In one of the more telling moments in Charles Ferguson's bone-chilling new documentary, "No End in Sight," when a reporter offers "quagmire" as an apt description, Rumsfeld takes umbrage. With the debonair assurance of an old Hollywood star, he says, "That's somebody else's word. I don't do quagmires." Ferguson's film is a clear-sighted counterpoint to the former secretary of defense's impression. As the title suggests, it's a seemingly infinite mess.

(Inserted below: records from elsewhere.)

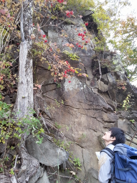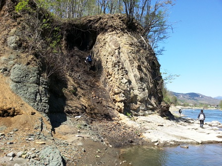 鵡川沿いの白亜系函淵層の露頭.舘下君が調査中.
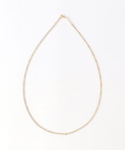 楕円形の中央にラインが入った個性的なカーブチェーンを用いたネックレス。 一見シンプルながらも独特のチェーン使いで、首元にシャープなエッセンスを添える一点です。 すっきりと首に沿う長さは、ラフなスタイリングのアクセントに最適。 主張しすぎず普段使いしやすいのも魅力です。 <MAPLE> 2006年にカナダのエドモントンにて誕生した、セレクトショップ"HEAVEN"(ヘブン)。 <JUNYA WATANABE>や<visvim>、<Endgeneered Garments>等の日本ブランドをメインとしたセレクトで世界的にも有名なショップであり、 同ショップのオリジナルブランドとして誕生したのが<MAPLE>です。 その取り扱い店にはSLAM JAMやNordstrom、American Rag Cie、UBIQ等、世界中の名ショップにて取り扱われており、今世界が最も注目するブランドの一つです。 【注意事項】 ※商品を使用前に、タグ等に記載されている「取り扱い上の注意書き」、「洗濯表示」を必ずご確認ください。 ※商品画像は、光の当たり具合やパソコンなどの閲覧環境により、実際の色味と異なって見える場合がございます。予めご了承ください。 ※商品の色味の目安は、商品単体の画像をご参照ください。 店舗へお問い合わせの際は、全国のBEAUTY & YOUTH各店舗まで下記の品名/品番をお申し付け下さい。 品名:MAPLE BAR CURB CHAIN GD 品番:8333-499-0616
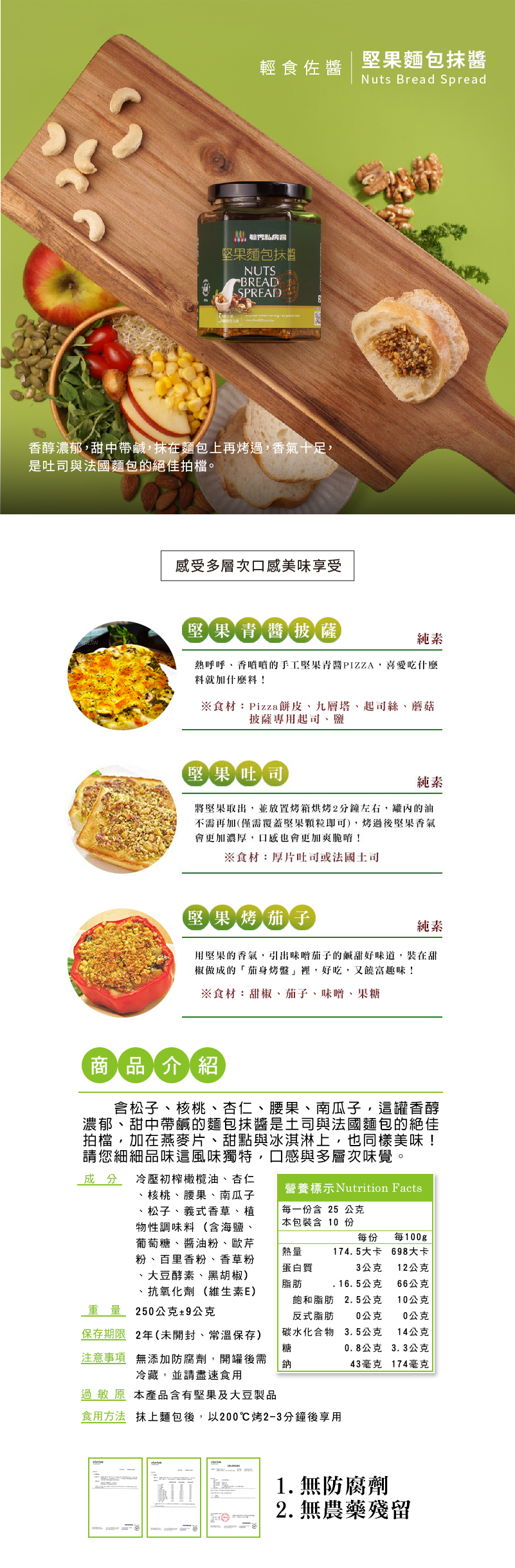 特選5種堅果,搭配多種義式香草與冷壓初榨橄欖油炒製,土司與法國麵包的絕佳拍檔,加在燕麥片、甜點與冰淇淋上,也同樣美味!
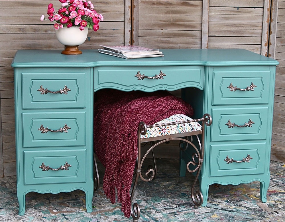 You know how it goes. My daughter’s bedroom was wall-to-wall French Provincial with a desk and hutch, nightstands, a headboard, and a tall chest of drawers.
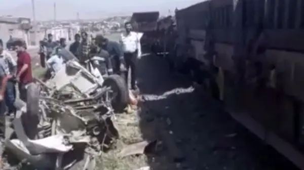 فیلم تصادف قطار باری با پیکان در مراغه/ پیکان مچاله شد + عکس
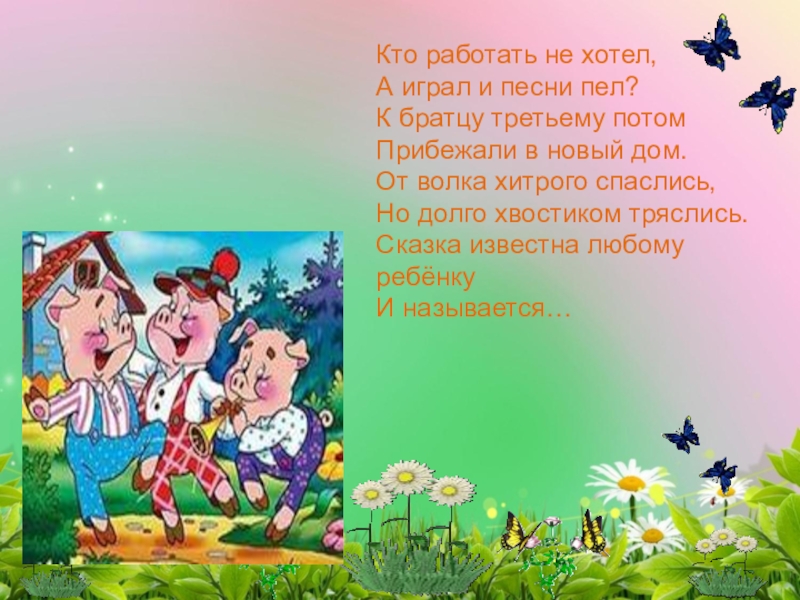 Кто работать не хотел,А играл и песни пел?К братцу третьему потомПрибежали в новый дом.От волка хитрого
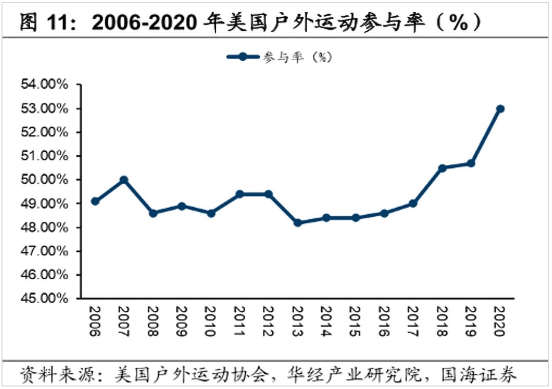 如下图,2020年美国的户外运动参与率,已经突破50%(国内仅有9.5%)。截至2023年,约9000万人年参加户外活动51次或以上。
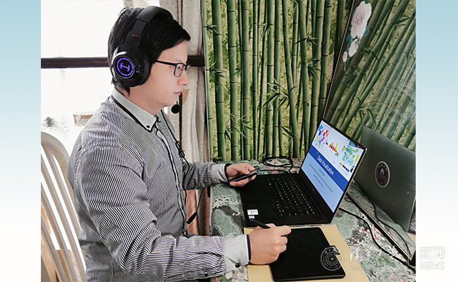袁博进行线上授课
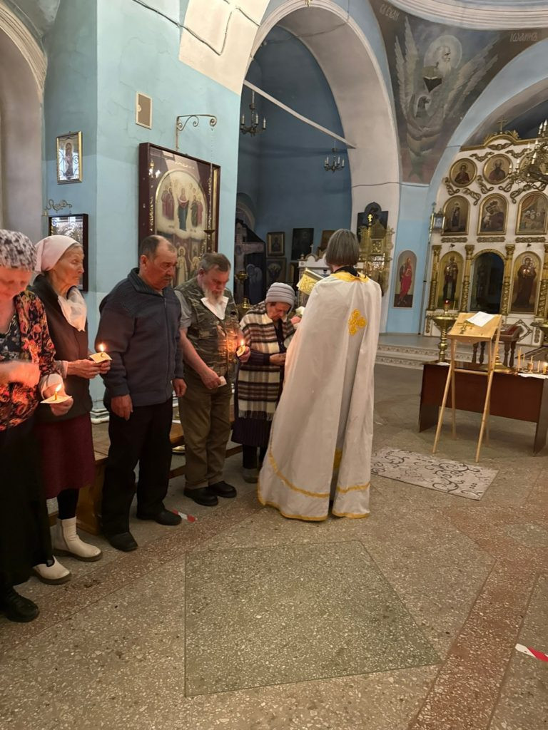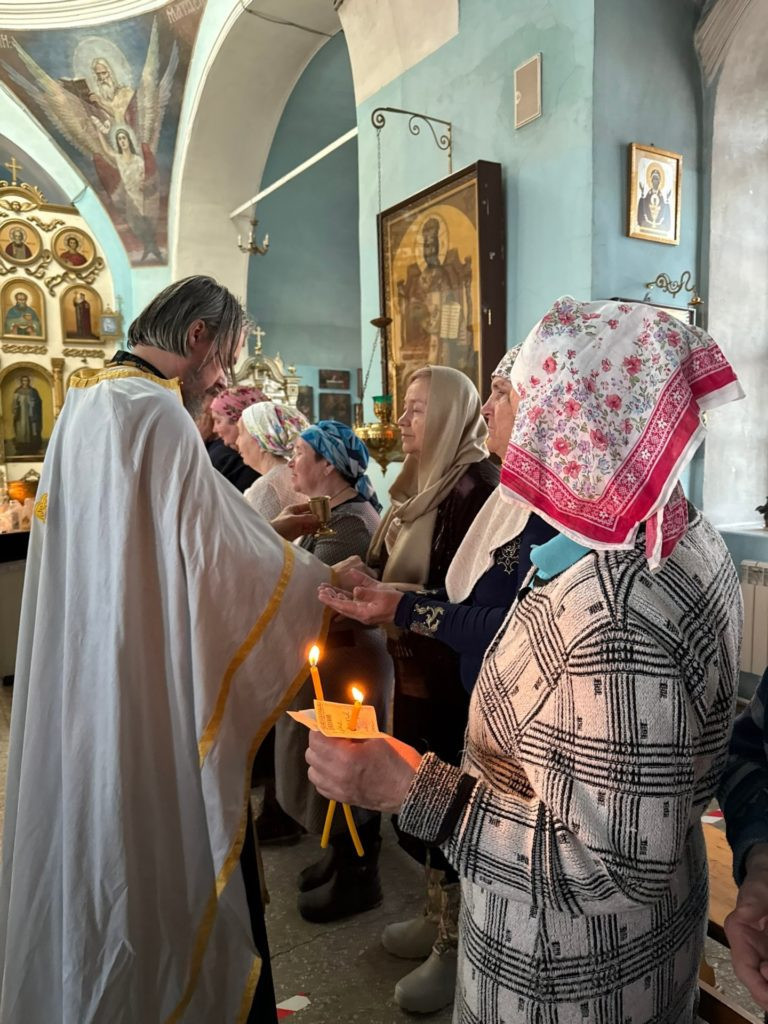 Вчера в храме Покрова Пресвятой Богородицы в с. Июльское состоялось Соборование (Елеосвящение) — одно из семи таинств Православной Церкви, во время которого священник помазывает верующего освящённым елеем призывая благодать Божию для исцеления душевных и телесных недугов.

A raft of documentaries have come along since the start of the war, some of them accusatory, some investigative, some empathetic, nearly all of them skeptical. None is better argued or more searing than "No End in Sight." It's soberly made, too. The lack of overt sensationalism doesn't leave us with a starchy piece of nonfiction. It has the seriousness of a "Frontline" piece (not to mention actual "Frontline" footage) without the testiness of a jeremiad. Ferguson surrounds himself with some excellent technicians who transform a rookie's impressive leap into journalism (the director is an Internet millionaire) into a damning political thriller.

-- Boston Globe


The script of Charles Ferguson's "No End in Sight" would certainly be in the hands of prosecutors in the event of impeachment hearings. The documentary is a furious, if quietly stated, indictment of the president and all his men in re the debacle that our adventure in Iraq has turned into. Ferguson builds a compelling case of bad judgment, error, stubbornness, arrogance, all of it adding up to a mess with no end in sight.

It's also, most impressively, an evocation of that horror. Astutely edited by Chad Beck and Cindy Lee, it assembles a depressing cascade of imagery from the war: the tanks pulling through the dusty, ancient towns; the young Americans scooting through the ruins in their Terminator shades; optics-festooned plastic rifles, looking for targets as the children and women flee; the detonation of a roadside bomb with its surreal combination of speed and energy; and, of course, the talking heads, who talk, then talk some more, then talk still more, that is, if they'll talk at all. (Wolfowitz, Bremer and Rumsfeld wouldn't; all are represented in archival footage.)

-- Washington Post


The distinguishing characteristics of "No End in Sight," one of the two or three indispensable documentaries yet made about the war and the only comprehensive one, have nothing to do with flash or cleverness. All writer and director Charles Ferguson has to offer is intelligence plus a measure of perspective, commodities in short supply when the Bush administration prepared, in its wobbly way, to alter history.